このデレク・トラックスの新譜はライヴ2枚組。6月に買ってから時折聴いているが、来日公演の時と同じようにそのギターの上手さに呆れかえっている。
5才の時にオールマン・ブラザーズのステージに初めて立ち、現在はオールマンのギタリストとしても活躍しているデレクだが、上手さだけで言えばそのオールマンの亡きデュアンよりスライド・ギターは上手いと思う。ただ、「匂い」は違う。でも、現在最もスライド・ギターの上手いミュージシャンだろう。もう6.7年前にニューオリンズにいる山岸から「ホトケ、絶対好きになるわ」と教えてもらい、アルバムを探して最初に聴いたのが"Out
Of Madness"だった。サン・ハウスの"Preachin' The Blues"や"Death Letter"、ハウリン・ウルフの"FortyFour"などのブルーズのカヴァーに、革新的というほどの新しさはなかったけれど、当時17才ほどのデレクのギターに圧倒された。ドラムとベースの打ち出すリズムもとてもグルーヴィ−で、ミーターズのファンク"Look-Ka
PyPy"なんかを実に軽々とやってしまっているのにも驚いた。しかし、いちばん驚いたのはデレクのオリジナルのインスト・ナンバー"Younk
Funk"だ。ジャズ・ファンク的で、プログレッシィヴなこの曲の演奏を聴いているうちにすごく深いこのバンドの懐を感じた。もちろん、時折香るオールマンの匂いに懐かしい想いもした。
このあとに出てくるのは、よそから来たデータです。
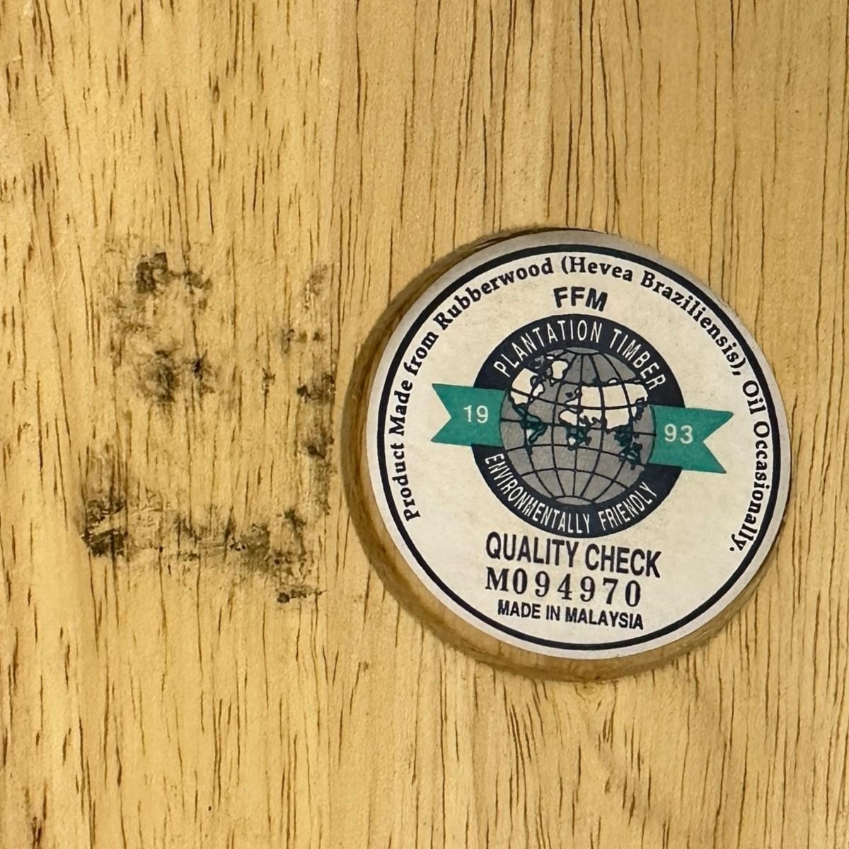1993 Rubberwood Huge Wooden Bowl Made in Malaysia; "Plantation Timber, Environmentally Friendly"

今回のライヴ・アルバム"Live At Georgia Theatre"は、来日公演とほぼ同じメンバー(アルバムにはパーカッションが参加)で、デレク本人も現在のメンバーには満足しているらしい。特にヴォーカルはやっと気に入ったヴォーカリストを探した・・というコメントを読んだ。実はヴォーカルをとらないデレクにとって自分の音楽にフィットするヴォーカリストというのは、彼自身の音楽センスがしっかりしているだけに見つけるのはなかなか難しかっただろうと思う。私もいまのヴォーカリストは大好きだ。まず声がいい。昔の正統派R&Bシンガー(最近のR&Bじゃなくてね。このR&Bという言葉も音楽業界でなんとか統一してもらいたい)、それもちょっとローカルな匂いのタイプでいい感じだ。歌い方も実直で、パワフルで、ギミックなしなところも好みだ。
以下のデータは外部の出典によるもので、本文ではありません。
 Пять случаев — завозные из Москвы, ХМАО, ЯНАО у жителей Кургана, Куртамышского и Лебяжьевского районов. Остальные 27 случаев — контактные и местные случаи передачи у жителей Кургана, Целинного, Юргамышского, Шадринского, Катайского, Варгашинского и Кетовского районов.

しかし、デレクはなぜ歌わないんだろう?シャイなのか?あれだけギターで歌えるなら少しは歌えるだろうに。でも、来日公演でも2時間近いステージで彼が喋ったのはメンバー紹介とサンキューだけという愛想なしだった。見た感じも喋るよりギター弾いてる方が好き・・てなタイプだが、でも、山岸潤史みたいにギターも弾き倒すわ、電話でも1時間くらいは余裕で喋り倒すわというギタリストもいる。ちょっと例が悪かったか・・。山岸も格別上手くはないが"Down
HomeBlues"なんかを結構ムード出して歌う。
それより長年の封印を解いて、最近、塩次伸二が"Mojo"や"Reconsider Baby"などを歌うようになっている!「なんでもっと早よ歌わんかったん?!」と言いたくなるが、まあそれなりの年月と悟りが固い封印を解いたのだろう。将来は山岸、塩次に全曲歌ってもらって、私は「ウエストロード」のマネージャーとして客席で酒でも飲みながら、女性を口説きたい。もちろん、ギャラはピンハネですよ、ピンハネ。身内を例に出さなくても、あのエリック・クラプトンも歌いはじめは下手やなぁ・・と思ったが、歳月が経つにつれ歌が上手くなり、最近ではまず「歌手」だと思っている若い人達も多いのだから、デレクにもちょっと歌ってもらいたい。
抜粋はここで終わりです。